En 2002, Luke Slater va désarçonner une partie de son public avec la sortie d’Allright On Top. Nous sommes alors en pleine euphorie électroclash – où des artistes français comme Miss Kittin & The Hacker se retrouvent en bonne place – et les sonorités 80’s redeviennent fréquentables. Slater joue à fond la carte de l’électro-pop synthétique en compagnie du chanteur Ricky Barrow du groupe The Aloof. L’envie de produire de véritables chansons se fait clairement entendre chez un artiste qui était jusque-là resté dans un certain classicisme électronique. « Cet album a divisé les gens, reconnaît-il auprès du site Resident Advisor. Ceux de la techno n’ont pas trop compris. Et puis cela m’amenait vers le mainstream, mais je me suis rendu compte que je ne voulais pas faire partie de ce monde. »

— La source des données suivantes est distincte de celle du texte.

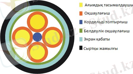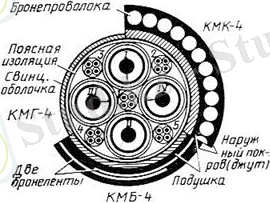 1 - белдеулік оқшаулағыш ; 2 - қорғасын қаптамасы; 3 - екі қару; 4 - сыртқы қақпақ; 5 - брондалған сым. Соңынан А симметриялық жұптарды бояу: 1 - ақ-қызыл; 2 ақ-жасыл; 3-5 - ақ-көк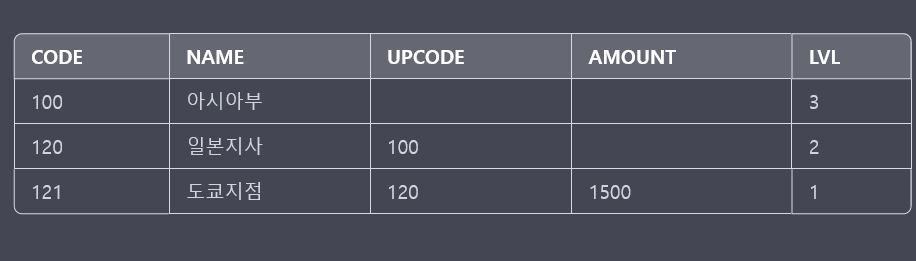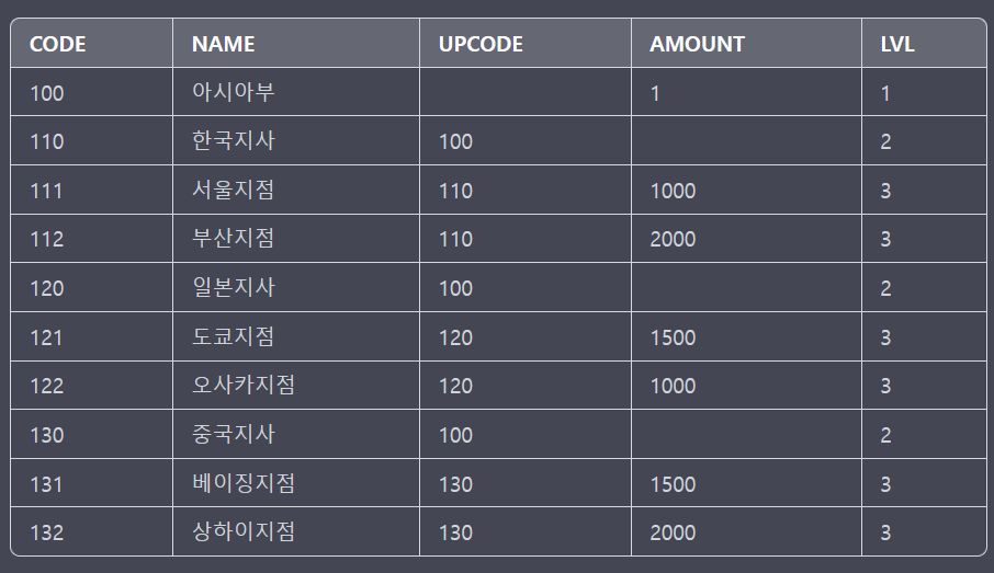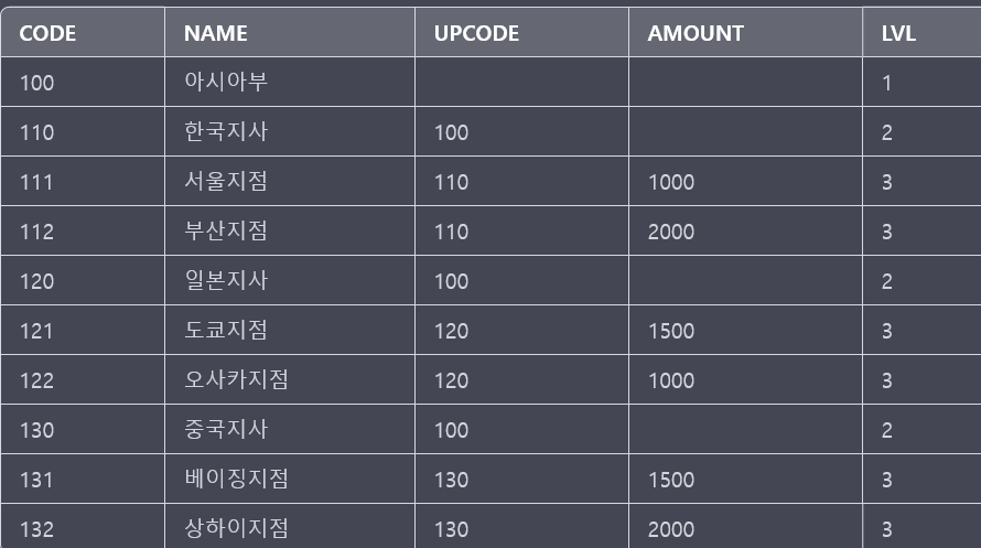 SELECT code, name, upcode, LEVEL AS LVL --- (2)번 SELECT 문

Traversée du désert et renaissance

Luke Slater poursuit quelques années dans cette veine électro-pop sur le label NovaMute, notamment avec « Intensity » qui préfigure le son « turbine » du milieu des années 2000. En 2006 il crée son propre label Mote-Evolver, mais c’est une période où il n’est pas au mieux. « Je n’ai rien écrit pendant quelques années, concède-t-il à Phonographe Corp. De nombreuses choses changeaient dans ma vie privée, la quasi-totalité en fait et je devais m’en occuper. » Il sort quelques maxis d’autres artistes sur Mote-Evolver, des compilations mixées – Fear & Loathing 2, Fabric 32 –, mais c’est en réactivant son projet Planetary Assault System qu’il retrouve goût à la production. Créé en 1993, cet alias a toujours été ancré dans un son très techno, influencé originellement par Detroit et les premiers Jeff Mills. La série Planetary Funk, redoutable d’efficacité, a notamment traumatisé toute une génération de raveurs.

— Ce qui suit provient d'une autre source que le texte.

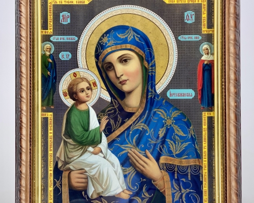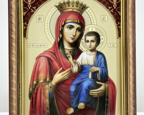 Икона Богородицы "Иверская" на деревянной основе имеет фигурную форму в виде косички, подрамник из пластика с напылением золотистой краски, литография имеет тиснение на бумаге.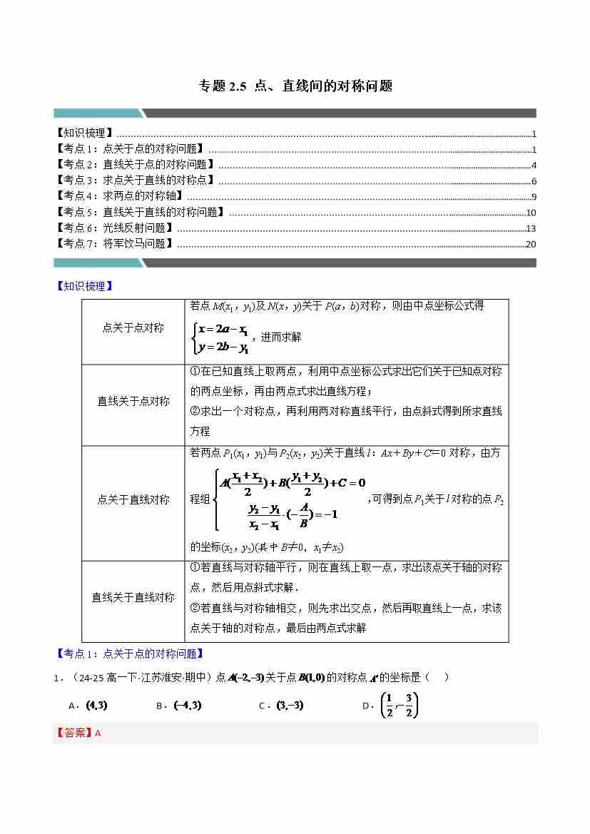 专题2.5 点、直线间的对称问题(7类必考点)(教师版)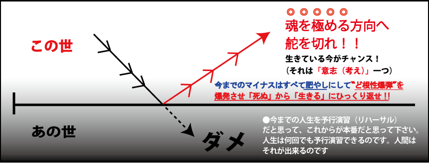 ② 「本当の自分」を発見したら次に何をしたらいいのか・・・この状況になったのは、自分が原因だったことがおそらく分かると思います。そう思ったらいままでの人生は予行演習だったと考えてみてください。いままでは仕方がないと考えてください。人間一年生に戻り勉強し、本番はこれからだと思ってください。これから本当の人生の幕が開き、本番が始まると考えてください。人間はそのように考えて人生をやり直すことができるのです。やり直しは何回もできます。もし、人間にやり直しができないとなれば、人類はとっくに滅亡しています。人類の文明は、先人がどん底(地獄)の逆境を逆にバネにして這い上がって築いてきたものなのです。ですからどん底(地獄)とは人間が成長する一丁目一番地ということです。逆に今あなたは大きく飛躍できるチャンスが訪れています。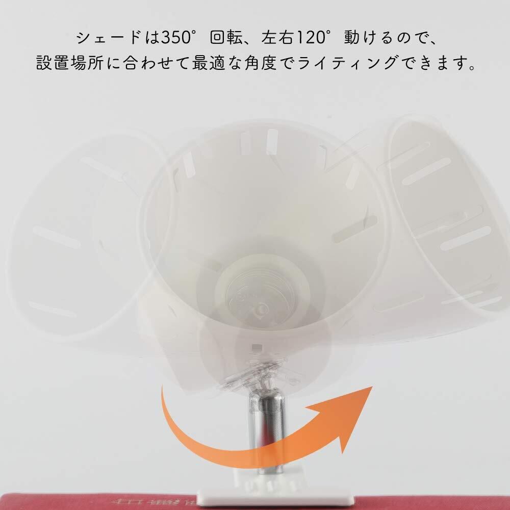 【照射角度自由】:シェードは350°回転、左右120°動けるので、設置場所に合わせて最適な角度でライティングできます。

C’est aussi le side-projet avec lequel Slater a été le plus productif, publiant plusieurs albums comme The Drone Sector en 1997 ou Atomic Funkster en 2001. Mis en sommeil durant la période pop, son retour sur le label Mote-Evolver va attirer l’attention d’une des structures les plus en pointe de la techno des années 2000: Ostgut Ton, affiliée au Berghain. En 2009 c’est là qu’il sort Temporary Suspension, long format dans une veine métallique, hypnotique et percussive qui va sonner comme un retour en grâce. En paraissant sur le même label que Ben Klock ou Marcel Dettmann, Luke Slater va se faire connaître de tout un nouveau public qui ne se doute pas forcément de son statut de pionnier.

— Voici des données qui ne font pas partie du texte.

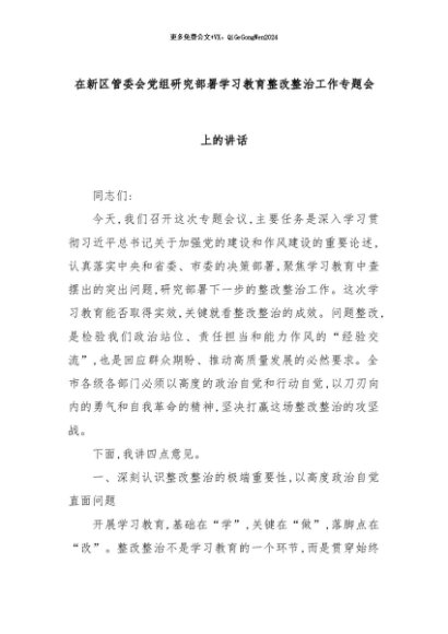 【七哥公文】2025年:在新区管委会党组研究部署学习教育整改整治工作专题会上的讲话+更多免费公文+VX:QiGeGongWen2024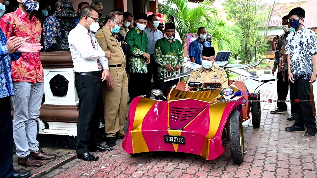 KEBUMEN, Kebumen24.com,- Mobil listrik tenaga hasil karya Siswa SMA Muhamadiyah Gombong resmi dilaunching oleh Bupati Kebumen Arif Sugiyanto. Mobil listrik tersebut, merupakan kendaraan pertama di Kebumen dengan memanfaatkan Energi terbarukan.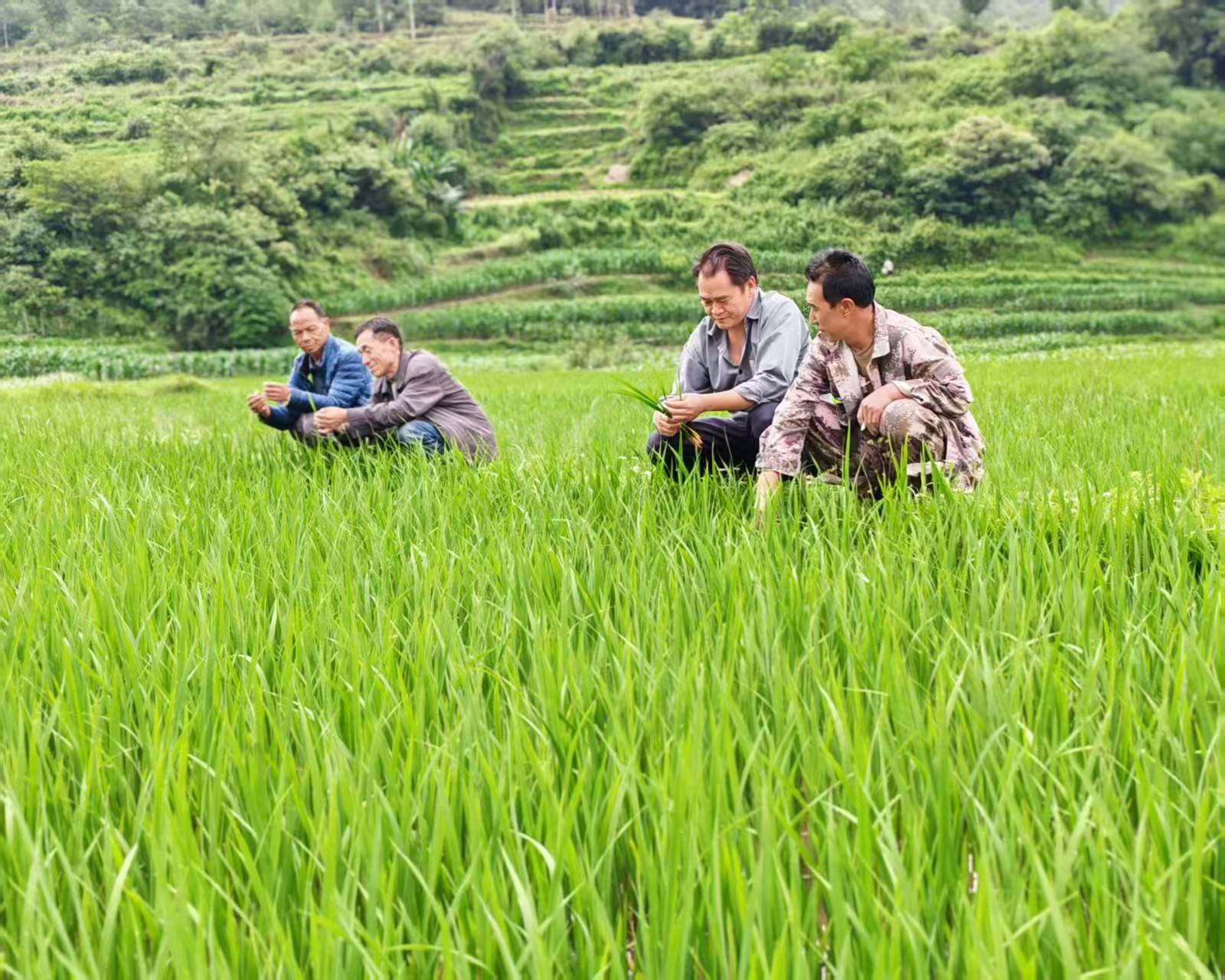 近期,增益村的田间地头一派繁忙景象,村民们正忙着喷洒除草剂、人工拔草,精心管护着绿油油的稻田。放眼望去,连片的稻苗长势喜人,四处散发着阵阵稻香,数百亩水稻长势喜人,宛如一幅生机盎然的田园画卷。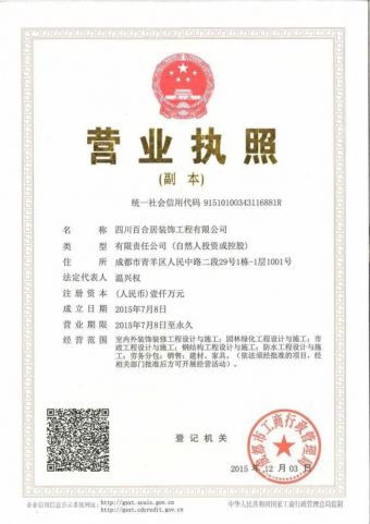 四川百合居装饰工程有限公司 一个靠诚信、品质、口碑快速成长的全新阵容 一个拥有四大部门、1000余职工、200精英设计师、280工队、八百优秀技工的规范团队 一个拥有近10000平米办公、展示的规模化企业…... 四川百合居装饰工程有限公司,与国内国外品牌材料厂家直线战略联盟,主要经营家装、别墅、酒店、K T V等项目。公司凭着勇于开拓、锐意进取的精神,本着用户至上、诚信为本的宗旨,全方位、高标准地发展壮大。发展至今。 公司倾力打造环保健康的居住空间;公司推出套餐、整装及打包一口价产品,为客户提供了多元化的选择; 公司秉承“不以见利为利,以衡为利”的经营理念打造成都性价比高的装饰公司;长期坚持“诚信为本,精细施工,客户至上”服务理念!! 施工队伍: 百合居装饰与其它公司相比较的特点是:施工队伍由公司直接培训、管理,而不是实行转包、分包。让客户体会到“你我共创,理想天地”!做到让客户满意。工程项目实行工长负责制,进行统一管理。 工程材料、质量标准: 所有工程材料,全部由公司统一配送,彻底杜绝伪劣材料流入工地,切实保障广大消费者的合法权益。(客户提问时:我们会提供一份材料表给您,您可以和我们的设计师商讨满意后需要您签字我们才会用。)验收也按照中华人民共和国《建筑装饰装修工程质量验收规范》验收。 设计师队伍、设计风格: 百合居装饰公司所有设计人员均具有本科以上学历,6年以上工作经验,专业水准在行业内颇具影响。设计风格多种多样:中式、欧式、现代简约、地中海、欧美风情等等,客户自由选择。 环保承诺和标准: 百合居装饰公司所有家居装饰工程均保证达到《民用建筑工程室内环境污染控制规范》中规定的相关室内空气质量标准。公司郑重承诺:对超标项目保证进行全额……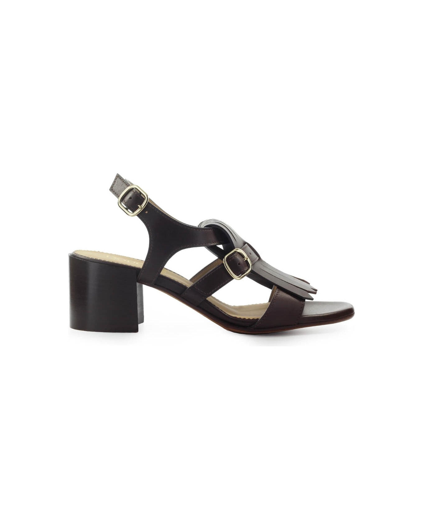 Doucal's sandal made of dark brown leather, embellished with front fringe and strap with golden metal buckle. Rounded toe and ankle closure. Leather sole with wide heel, height 6 cm

Suivent deux autres albums, toujours sur Ostgut, The Messenger en 2011 et Arc Angel cette année, qui confirme que le retour au premier plan de Slater n’était pas un chant du cygne, mais bien une véritable renaissance. Arc Angel le voit notamment déployer sur une vingtaine de titres une techno minérale, drone et hypnotique tout à fait en phase avec la scène contemporaine. Mais fidèle à sa réputation de ne pas se laisser enfermer dans une seule entité, notre homme a aussi créé depuis 2006 un nouvel alias L.B. Dub Corp. Si le nom pouvait laisser penser à de l’électronique aux fortes effluves jamaïcaines – il a été choisi en hommage au mythique label Studio One – le projet se dirige en réalité vers des sonorités plutôt house. Un album Unknow Origin est d’ailleurs paru en 2013 sur Ostgut avec un gros clin d’œil à Chicago, mais aussi – un peu quand même – à Kingston. Enfin cet été est aussi sorti Chronicles 1 une compilation reprenant des morceaux récents et plus anciens du projet The 7th Plain orienté ambient et techno « contemplative ». Une actualité chargée pour Luke Slater que l’on pourra d’ailleurs écouter le 2 novembre prochain à Paris dans le cadre du Transient Festival.